** Opening Given information block **

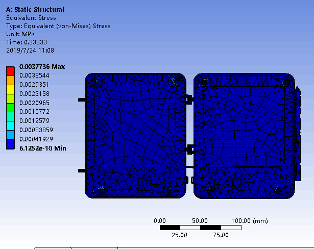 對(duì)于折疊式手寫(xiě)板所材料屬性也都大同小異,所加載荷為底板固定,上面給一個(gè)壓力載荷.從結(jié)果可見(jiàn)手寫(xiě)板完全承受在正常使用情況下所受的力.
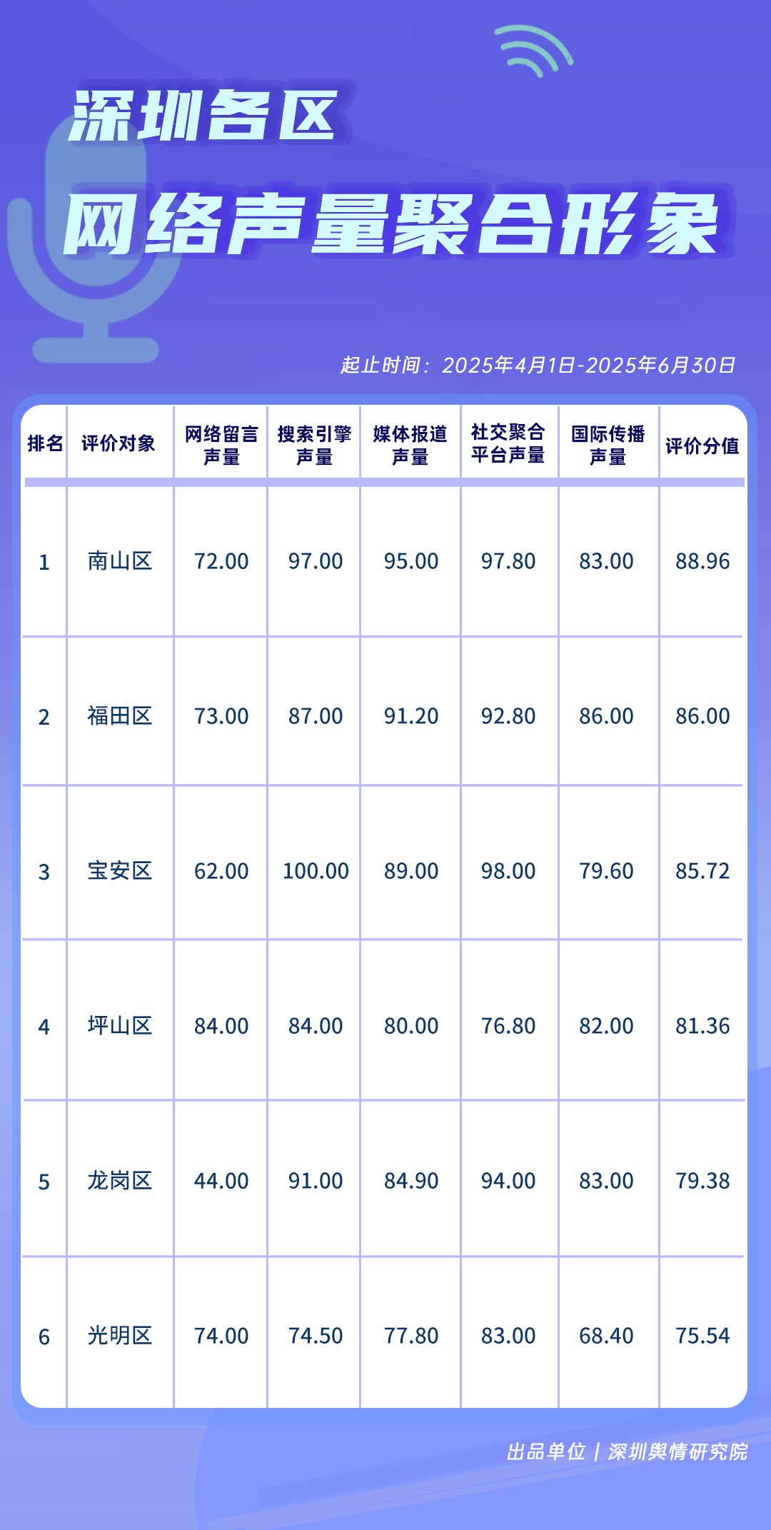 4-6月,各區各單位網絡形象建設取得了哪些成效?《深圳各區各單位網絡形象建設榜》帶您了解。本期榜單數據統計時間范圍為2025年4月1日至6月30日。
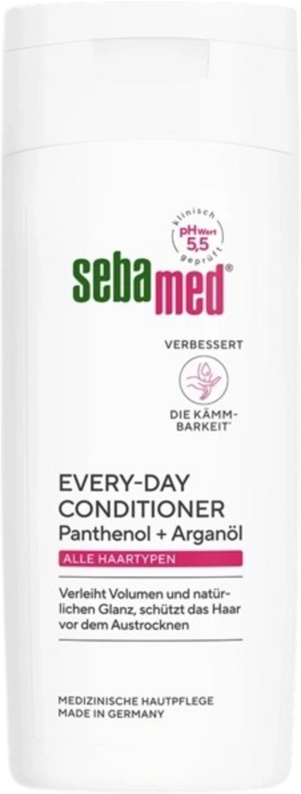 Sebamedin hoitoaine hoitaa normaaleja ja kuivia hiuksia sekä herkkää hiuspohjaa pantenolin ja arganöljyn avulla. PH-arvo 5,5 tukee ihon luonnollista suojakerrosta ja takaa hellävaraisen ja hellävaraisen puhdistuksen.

** Closing Given information block **

Your task → Repeat every line of the data above exactly, but drop the pictures.

Exercise solution →
 對(duì)于折疊式手寫(xiě)板所材料屬性也都大同小異,所加載荷為底板固定,上面給一個(gè)壓力載荷.從結(jié)果可見(jiàn)手寫(xiě)板完全承受在正常使用情況下所受的力.
 4-6月,各區各單位網絡形象建設取得了哪些成效?《深圳各區各單位網絡形象建設榜》帶您了解。本期榜單數據統計時間范圍為2025年4月1日至6月30日。
 Sebamedin hoitoaine hoitaa normaaleja ja kuivia hiuksia sekä herkkää hiuspohjaa pantenolin ja arganöljyn avulla. PH-arvo 5,5 tukee ihon luonnollista suojakerrosta ja takaa hellävaraisen ja hellävaraisen puhdistuksen.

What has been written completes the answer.